Output a faithful copy of the entries, every picture removed.

▶ _Information supplied_
"""
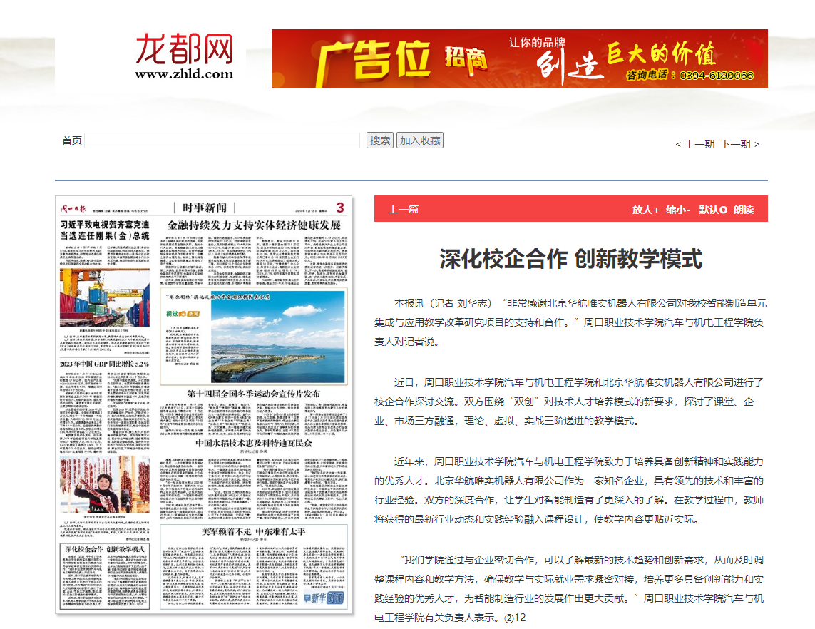 【周口日报】yl23411:深化校企合作 创新教学模式
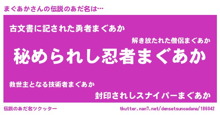 | ヒーロー風カッコイイあだ名 | 『ウルトラまぐあかマン』『ネオマグアカ』 |
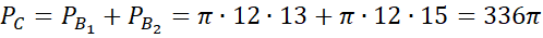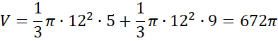Na podstawie twierdzenia Pitagorasa wyznacz wysokość obu stożków, a następnie oblicz objętość powstałej bryły, czyli dwóch stożków o wyznaczonych długościach promieni i wysokościach, a następnie pole całkowite, czyli sumę pól bocznych obu stożków.
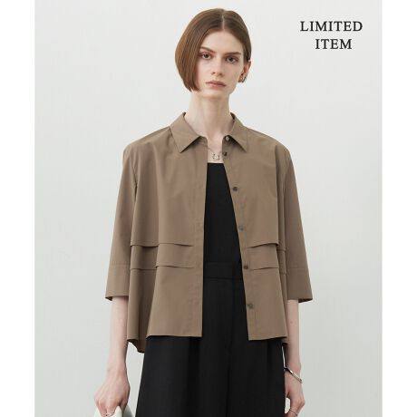 ■デザインレイヤードディテールがトレンド感のあるクロップドシャツです。カジュアルにもマニッシュにも着こなせ、ワイドパンツやボリューム感のあるボトムスとの相性も抜群です。
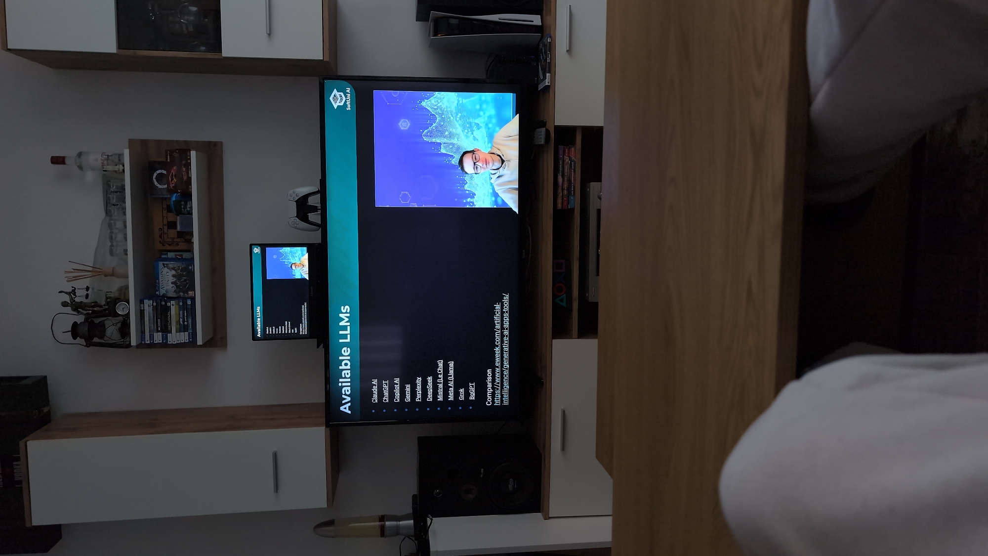 living room interior, likely in a residential setting. A television screen displays the text "Available LLMs," along with a list of various AI language models, including "Claude Al," "ChatGPT," "Copilot Al," "Gemini," "Perplexity," "DeepSeek," "Mistral (Le Chat)," "Meta Al (Llama)," "Grok," and "PiGPT." On the television screen is a thumbnail of a person. The television is placed on a wooden and white storage unit, which also houses a PS5 and what appears to be a speaker. Adjacent to the television, a smaller screen replicates the same information. To the left of the smaller screen, a wall shelf holds various items, including video games (among which "Assassin's Creed Unity" is visible), decorative objects, and bottles. The image is taken from a vantage point near the furniture, with a portion of a person's leg visible in the right foreground. Given the details, there is no specific indication that this is located in the city of Oreshak, Bulgaria, however this can be confirmed using specific elements within the image.
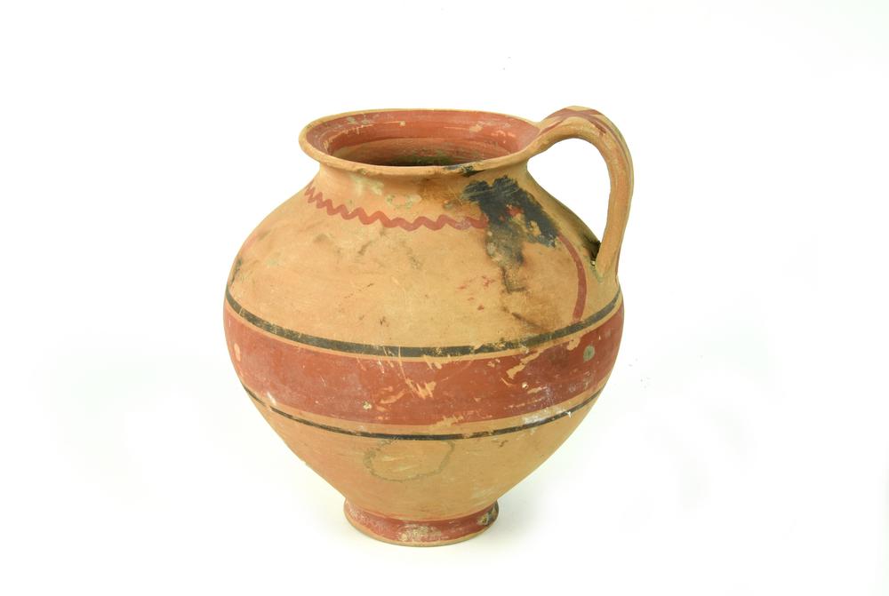 Brocca con orlo svasato, distinto dal corpo ovoide, piede a disco, ansa a nastro impostata verticalmente sulla spalla; decorata a fasce e filetti
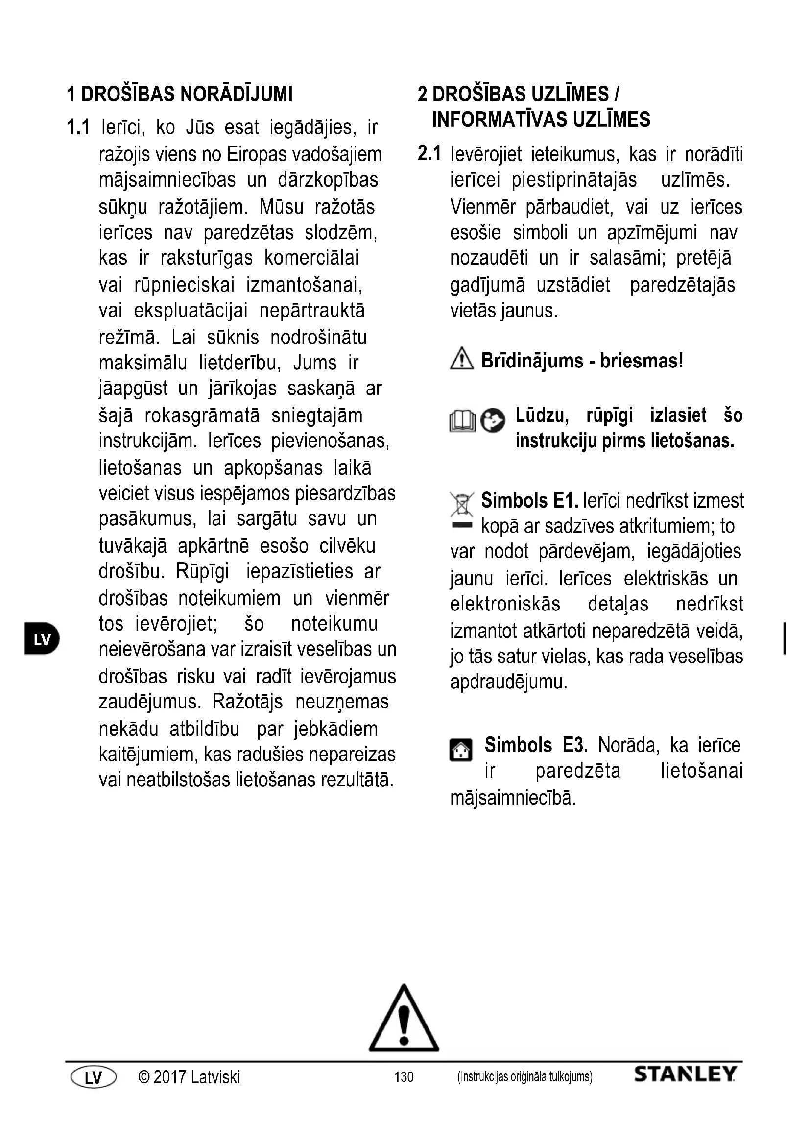 Ievērojiet ieteikumus, kas ir norādīti ierīcei piestiprinātajās uzlīmēs. Vienmēr pārbaudiet, vai uz ierīces esošie simboli un apzīmējumi nav nozaudēti un ir salasāmi; pretējā gadījumā uzstādiet paredzētajās vietās jaunus. Brīdinājums - briesmas! Lūdzu, rūpīgi izlasiet šo instrukciju pirms lietošanas. Simbols E1. Ierīci nedrīkst izmest kopā ar sadzīves atkritumiem; to var nodot pārdevējam, iegādājoties jaunu ierīci. Ierīces elektriskās un elektroniskās detaļas nedrīkst izmantot atkārtoti neparedzētā veidā, jo tās satur vielas, kas rada veselības apdraudējumu. Simbols E3. Norāda, ka ierīce ir paredzēta lietošanai mājsaimniecībā.131 (Instrukcijas oriģināla tulkojums) (Instrukcijas oriģināla tulkojums) © 2017 LatviskiLV
"""
▶ _Result for this task_
 【周口日报】yl23411:深化校企合作 创新教学模式
 | ヒーロー風カッコイイあだ名 | 『ウルトラまぐあかマン』『ネオマグアカ』 |
Na podstawie twierdzenia Pitagorasa wyznacz wysokość obu stożków, a następnie oblicz objętość powstałej bryły, czyli dwóch stożków o wyznaczonych długościach promieni i wysokościach, a następnie pole całkowite, czyli sumę pól bocznych obu stożków.
 ■デザインレイヤードディテールがトレンド感のあるクロップドシャツです。カジュアルにもマニッシュにも着こなせ、ワイドパンツやボリューム感のあるボトムスとの相性も抜群です。
 living room interior, likely in a residential setting. A television screen displays the text "Available LLMs," along with a list of various AI language models, including "Claude Al," "ChatGPT," "Copilot Al," "Gemini," "Perplexity," "DeepSeek," "Mistral (Le Chat)," "Meta Al (Llama)," "Grok," and "PiGPT." On the television screen is a thumbnail of a person. The television is placed on a wooden and white storage unit, which also houses a PS5 and what appears to be a speaker. Adjacent to the television, a smaller screen replicates the same information. To the left of the smaller screen, a wall shelf holds various items, including video games (among which "Assassin's Creed Unity" is visible), decorative objects, and bottles. The image is taken from a vantage point near the furniture, with a portion of a person's leg visible in the right foreground. Given the details, there is no specific indication that this is located in the city of Oreshak, Bulgaria, however this can be confirmed using specific elements within the image.
 Brocca con orlo svasato, distinto dal corpo ovoide, piede a disco, ansa a nastro impostata verticalmente sulla spalla; decorata a fasce e filetti
 Ievērojiet ieteikumus, kas ir norādīti ierīcei piestiprinātajās uzlīmēs. Vienmēr pārbaudiet, vai uz ierīces esošie simboli un apzīmējumi nav nozaudēti un ir salasāmi; pretējā gadījumā uzstādiet paredzētajās vietās jaunus. Brīdinājums - briesmas! Lūdzu, rūpīgi izlasiet šo instrukciju pirms lietošanas. Simbols E1. Ierīci nedrīkst izmest kopā ar sadzīves atkritumiem; to var nodot pārdevējam, iegādājoties jaunu ierīci. Ierīces elektriskās un elektroniskās detaļas nedrīkst izmantot atkārtoti neparedzētā veidā, jo tās satur vielas, kas rada veselības apdraudējumu. Simbols E3. Norāda, ka ierīce ir paredzēta lietošanai mājsaimniecībā.131 (Instrukcijas oriģināla tulkojums) (Instrukcijas oriģināla tulkojums) © 2017 LatviskiLV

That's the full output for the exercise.